As he talks and lives with the boy that he was, Duritz starts to remember things from his past. He remembers a three legged dog named Tripod. He remembers being bullied every recess by three "tough" bigger boys. He arranged for the boy to learn to punch - and when the tough kids came after Rusty on his birthday and ordered him to set Tripod on fire, the eight year old fought back, and held his own. Duritz was proud of the child, but realized that the worst part of "their" birthday was yet to come. His mother was called in to talk to the school principal about Rusty's fighting.
The child was unprepared for the reaction of his father. His Dad came out and berated the boy - telling him that he was trying to kill his mother with worry. The older Duritz was able to explain to little Rusty that his mother had a terminal illness, and his father knew he would have to raise the child by himself, and he was, himself, very frightened. The dad roughly ordered Rusty to stop crying - and the boy had never shed a tear since that time. It was only the forty year old that could at last understand, and explain why his father had acted as he did.
The tale winds on to it's conclusion. It is predictable, perhaps, but if it is a Disney production it should have a comfort-giving ending: and, after all, what is wrong with that?

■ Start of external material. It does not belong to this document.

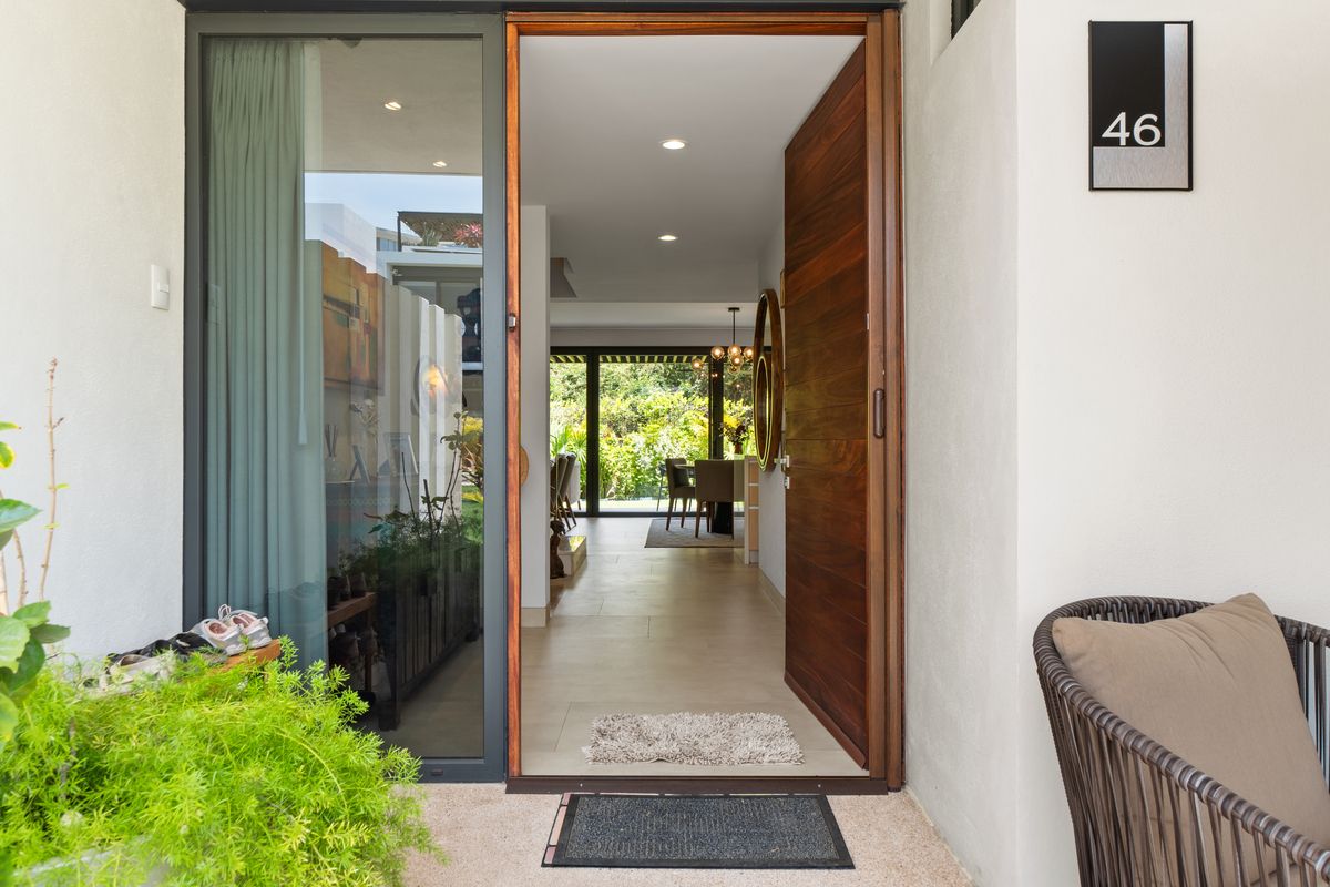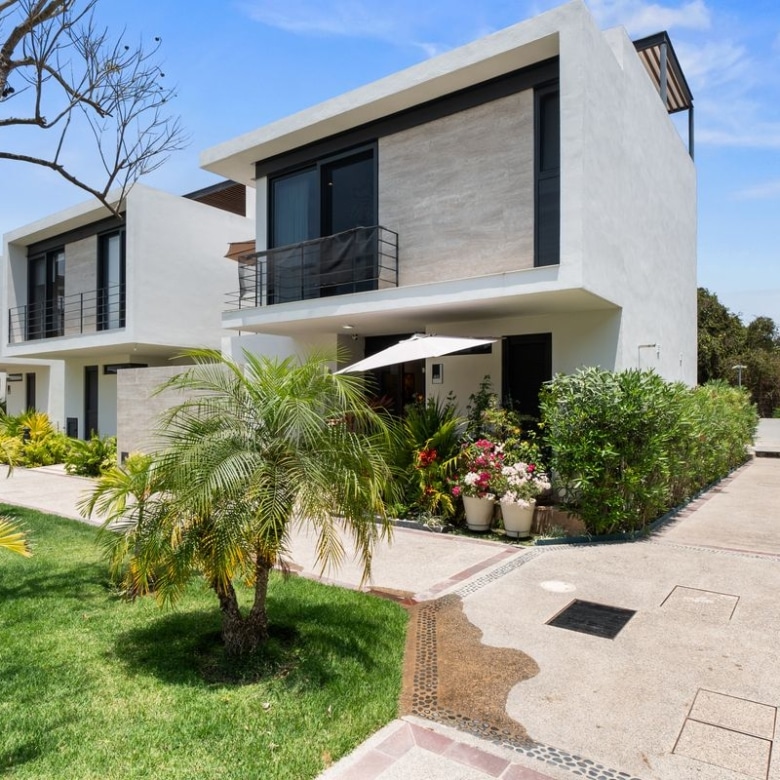 Vista Natura 46 is a luminous and furnished corner house with 3 bedrooms and 4 bathrooms, ready to live, located in a new development within a closed community in Nuevo Vallarta, just a few steps from the beach.

Duritz girl friend in the movie was played by Emily Mortimer, and she did a creditable job of loving and disliking Russ Duritz. I know I have seen her act before, but for the life of me, I can't remember what she played in.
Jon Turtletub directed the movie, and it moved along and said, I think, what it was designed to say. The photography, while not spectacular, was good. Lily Tomlin was Lily Tomlin, funny as always. Spencer Breslin, the eight year old, won my heart, and Bruce again proved that he is as good in a family-type movie as he is in action films.
Is there anyone among us who hasn't wished at one time or another that they could go back in time and talk to the person he or she once were? I have often thought I wish I could talk to myself when I was sixteen or seventeen years old, and almost ready to make life choices. Would I have made the choices that I did? Probably, I would have. One thing I would have told myself is to "Follow your heart. If you want to see Paris, or Australia, or even the Grand Canyon, find a way to do it. If you want to try for a different career - don't give up but do it. If you want to tell someone how much you think of them, don't hold back, just do it." Time passes quickly, and that tomorrow you are waiting for just might not come before it is too late.
That, perhaps, is the moral of this movie.
It is now about 7:30PM on Father's day. To those of you young parents, I hope you had a very happy day being honored by your family while you honored your own Dad.